■ **YOUR ASSIGNMENT**
Span requested from the data below: the line with "The bottom two" through the line with "By Alex Raymond", both included. Give only these lines again, exactly, and leave every picture out.

■ **GIVEN RECORDS**
------------------------

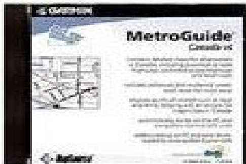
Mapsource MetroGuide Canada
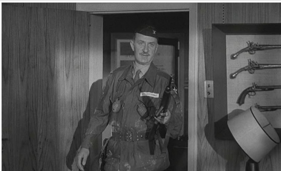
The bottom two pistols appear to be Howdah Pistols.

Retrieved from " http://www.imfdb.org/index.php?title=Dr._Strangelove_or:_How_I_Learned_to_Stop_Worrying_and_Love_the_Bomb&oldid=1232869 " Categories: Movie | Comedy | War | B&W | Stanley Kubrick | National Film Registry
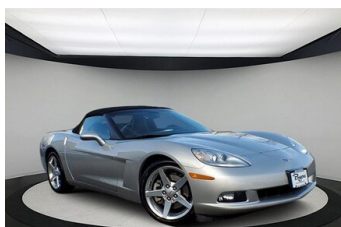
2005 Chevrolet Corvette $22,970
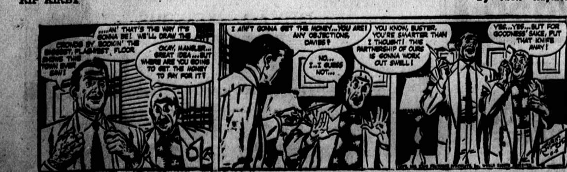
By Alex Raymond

------------------------

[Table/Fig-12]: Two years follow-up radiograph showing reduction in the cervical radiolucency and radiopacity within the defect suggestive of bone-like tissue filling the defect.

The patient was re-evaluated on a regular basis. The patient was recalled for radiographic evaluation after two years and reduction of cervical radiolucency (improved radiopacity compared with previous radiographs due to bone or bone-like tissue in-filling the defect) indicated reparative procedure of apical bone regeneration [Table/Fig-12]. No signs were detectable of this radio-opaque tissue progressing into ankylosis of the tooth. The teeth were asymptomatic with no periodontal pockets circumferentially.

------------------------

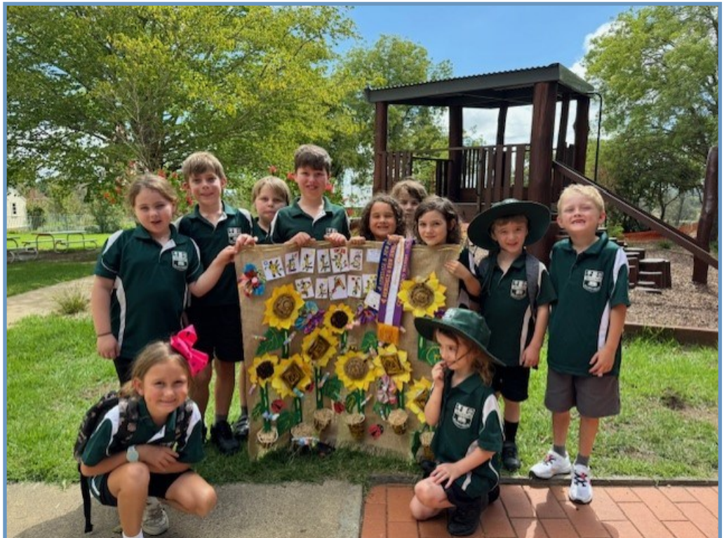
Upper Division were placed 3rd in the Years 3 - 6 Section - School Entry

------------------------

■ **RESULT**
The bottom two pistols appear to be Howdah Pistols.

Retrieved from " http://www.imfdb.org/index.php?title=Dr._Strangelove_or:_How_I_Learned_to_Stop_Worrying_and_Love_the_Bomb&oldid=1232869 " Categories: Movie | Comedy | War | B&W | Stanley Kubrick | National Film Registry
2005 Chevrolet Corvette $22,970
By Alex Raymond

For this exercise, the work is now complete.